» Exercise directions: Repeat the data exactly, please; no pictures belong in the copy.

Stored entries:

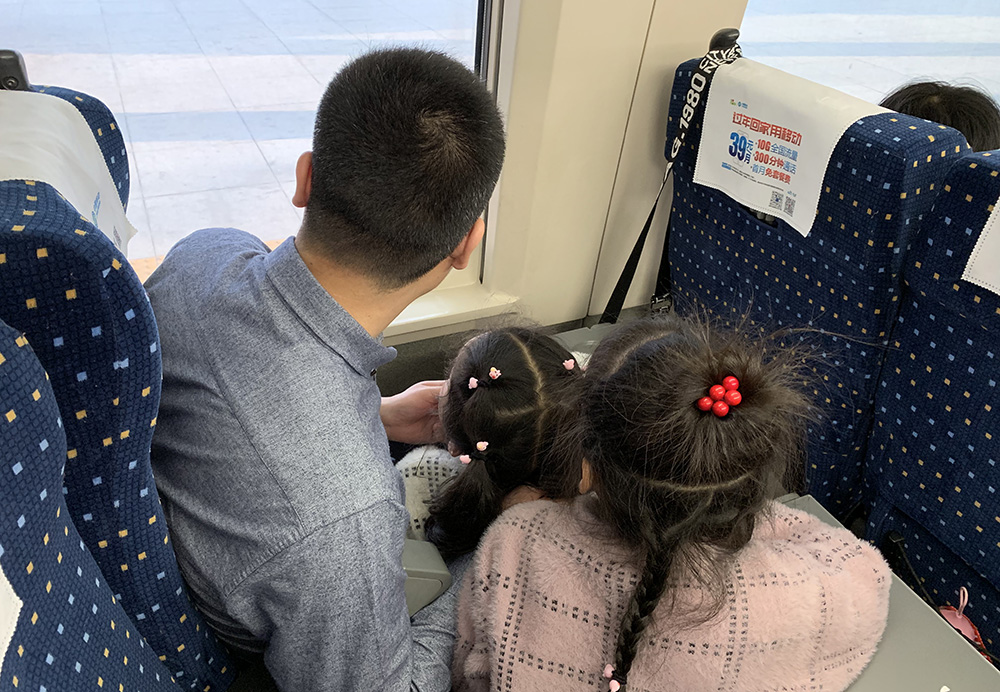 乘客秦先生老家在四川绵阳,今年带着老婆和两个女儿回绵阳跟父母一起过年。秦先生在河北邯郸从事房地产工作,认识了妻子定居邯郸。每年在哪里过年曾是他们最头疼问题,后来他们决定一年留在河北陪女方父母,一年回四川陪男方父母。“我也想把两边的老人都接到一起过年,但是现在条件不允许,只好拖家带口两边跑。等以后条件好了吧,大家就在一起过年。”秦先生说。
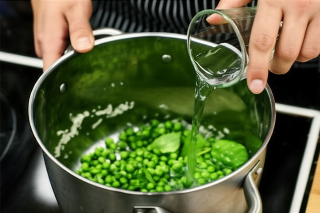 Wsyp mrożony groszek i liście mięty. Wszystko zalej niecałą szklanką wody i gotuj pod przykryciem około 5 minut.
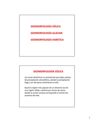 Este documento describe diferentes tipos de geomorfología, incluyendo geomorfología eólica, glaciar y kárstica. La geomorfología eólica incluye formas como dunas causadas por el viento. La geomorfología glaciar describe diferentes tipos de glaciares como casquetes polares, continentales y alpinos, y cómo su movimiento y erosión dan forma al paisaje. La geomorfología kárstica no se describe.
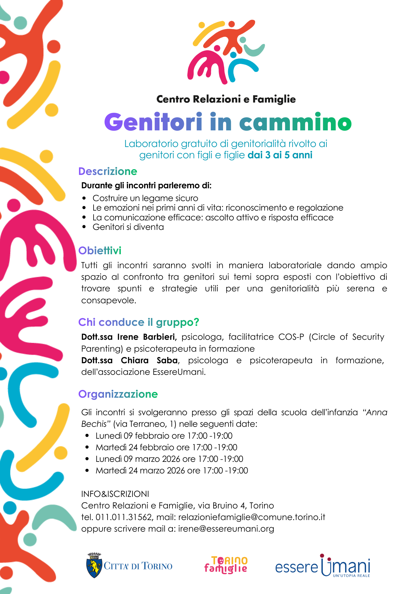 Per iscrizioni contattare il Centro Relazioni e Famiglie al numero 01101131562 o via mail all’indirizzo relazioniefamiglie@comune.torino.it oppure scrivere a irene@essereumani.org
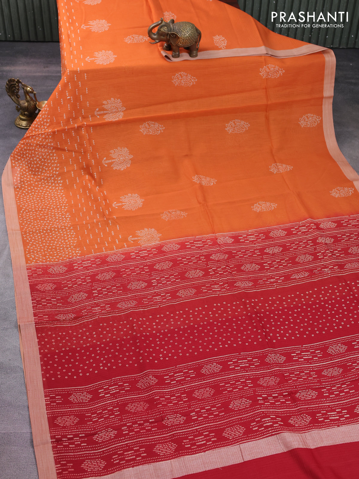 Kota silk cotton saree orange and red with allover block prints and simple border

» Output:
 乘客秦先生老家在四川绵阳,今年带着老婆和两个女儿回绵阳跟父母一起过年。秦先生在河北邯郸从事房地产工作,认识了妻子定居邯郸。每年在哪里过年曾是他们最头疼问题,后来他们决定一年留在河北陪女方父母,一年回四川陪男方父母。“我也想把两边的老人都接到一起过年,但是现在条件不允许,只好拖家带口两边跑。等以后条件好了吧,大家就在一起过年。”秦先生说。
 Wsyp mrożony groszek i liście mięty. Wszystko zalej niecałą szklanką wody i gotuj pod przykryciem około 5 minut.
 Este documento describe diferentes tipos de geomorfología, incluyendo geomorfología eólica, glaciar y kárstica. La geomorfología eólica incluye formas como dunas causadas por el viento. La geomorfología glaciar describe diferentes tipos de glaciares como casquetes polares, continentales y alpinos, y cómo su movimiento y erosión dan forma al paisaje. La geomorfología kárstica no se describe.
 Per iscrizioni contattare il Centro Relazioni e Famiglie al numero 01101131562 o via mail all’indirizzo relazioniefamiglie@comune.torino.it oppure scrivere a irene@essereumani.org
 Kota silk cotton saree orange and red with allover block prints and simple border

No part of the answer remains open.